= TASK STATEMENT =
Reproduce the line with "Wyłącznik zasilania Schneider" and everything after it in the listing below, exactly, both ends included. No pictures.

START DATA

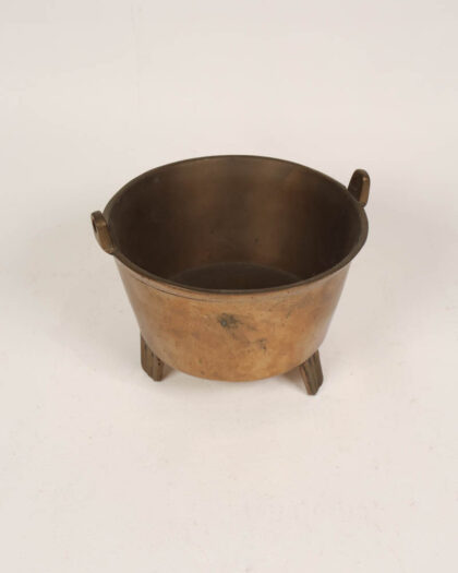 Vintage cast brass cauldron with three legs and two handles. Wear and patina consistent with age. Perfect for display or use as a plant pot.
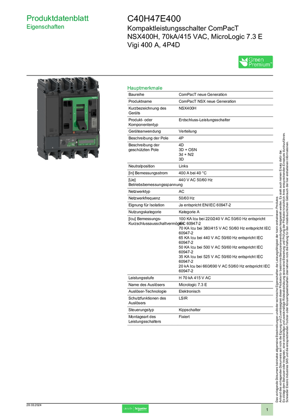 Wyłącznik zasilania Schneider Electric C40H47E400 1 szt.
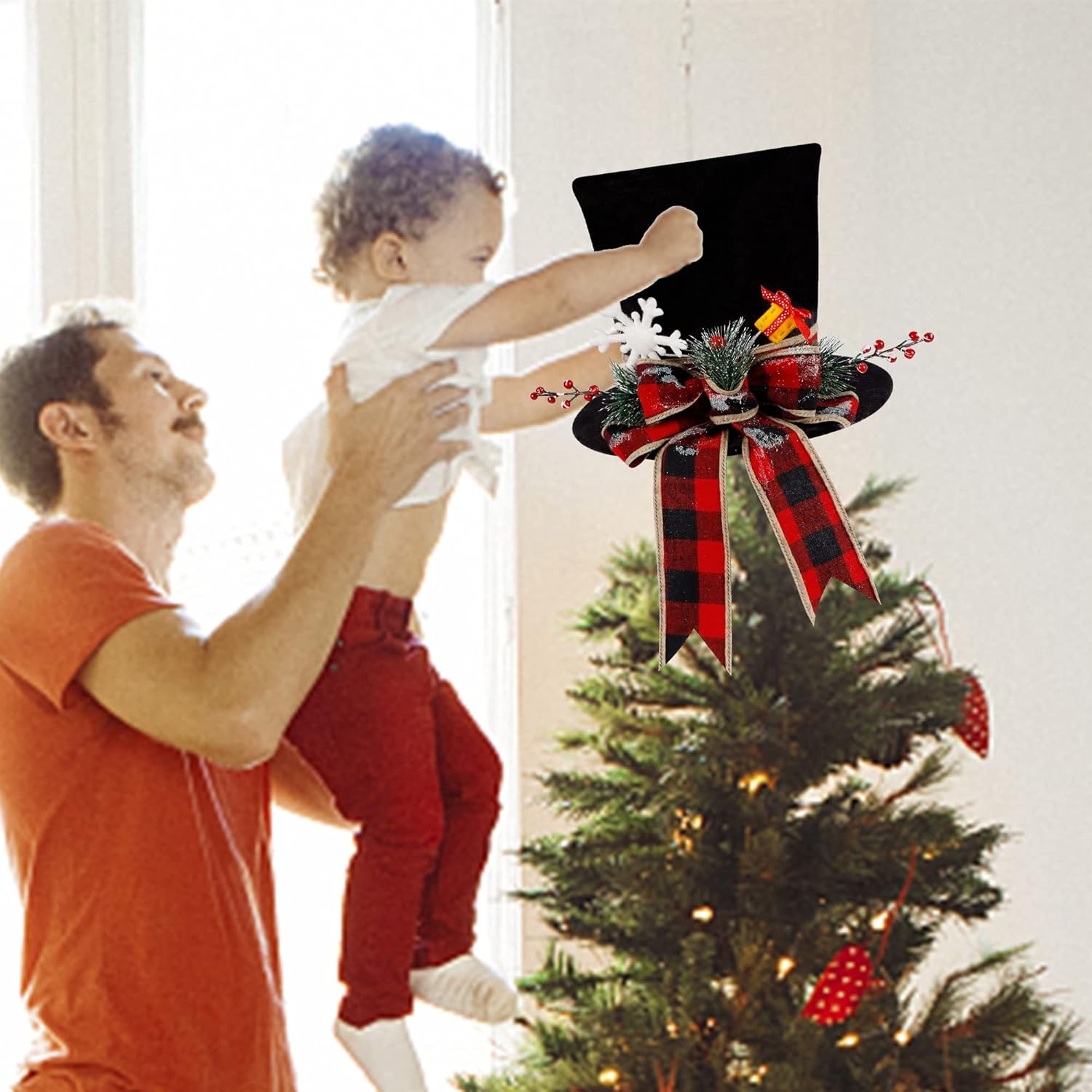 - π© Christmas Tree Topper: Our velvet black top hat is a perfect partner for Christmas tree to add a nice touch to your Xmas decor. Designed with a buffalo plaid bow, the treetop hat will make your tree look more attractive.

END DATA

= WRITTEN SOLUTION =
 Wyłącznik zasilania Schneider Electric C40H47E400 1 szt.
 - π© Christmas Tree Topper: Our velvet black top hat is a perfect partner for Christmas tree to add a nice touch to your Xmas decor. Designed with a buffalo plaid bow, the treetop hat will make your tree look more attractive.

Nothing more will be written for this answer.